Inchoate and directionless hatred is not productive; it’s self-defeating. Stewing resentment isn’t righteous; it’s self-indulgent. Self-pity isn’t constructive; it’s paralyzing. What makes conservatism such an unappealing philosophy when the alternative is the promise of largess confiscated from the faceless well-to-do is that it rejects the idea that one’s own lot is not of their making. It is a philosophy that rejects blame shifting when confronted with adversity. This is, at root, why Trump’s rise is a rejection of conservatism. For those who aren’t imposing upon him their hopes and are instead listening to what he’s proposed, his platform is not a positive one. He promises nothing so much as a cathartic release for people who want to see the pain they’ve experienced for so long meted out to others. This is a toxic philosophy and one that will only heighten public resentment when the relief their Savior has promised fails to materialize.
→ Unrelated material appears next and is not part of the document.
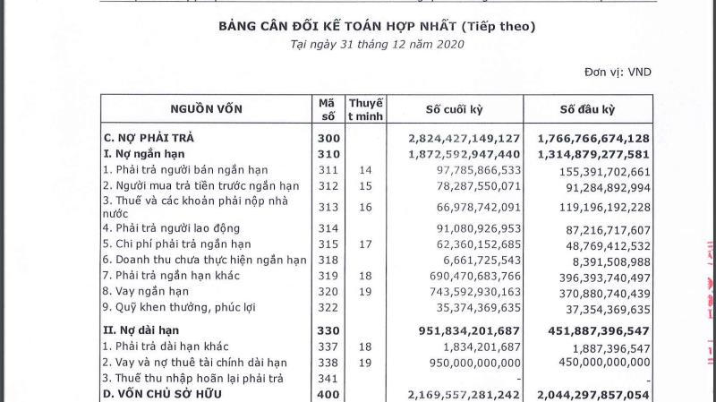 Nợ phải trả tính đến cuối quý 1 ghi nhận hơn 2.824 tỷ đồng, tăng hơn 1.000 tỷ đồng so với đầu năm. Trong đó, tổng dư nợ đi vay ghi nhận hơn 1.693 tỷ đồng.

If conservatism’s lot is the wilderness, it will not be the first time. If, however, the conservative movement were to determine that it must appeal to the angry and displaced and, in so doing, must shed its attachment to individualism and classical liberalism, it will be a defunct belief structure. Voters and the conditions that compel them to cast their ballots change, but the foundational assumptions of conservatism do not. Courage is standing before the mobilized and seething mob and telling them that they are, if not wrong, acting in ways that are counterproductive. Sadly, the conservative movement hasn’t recently been characterized by much courage.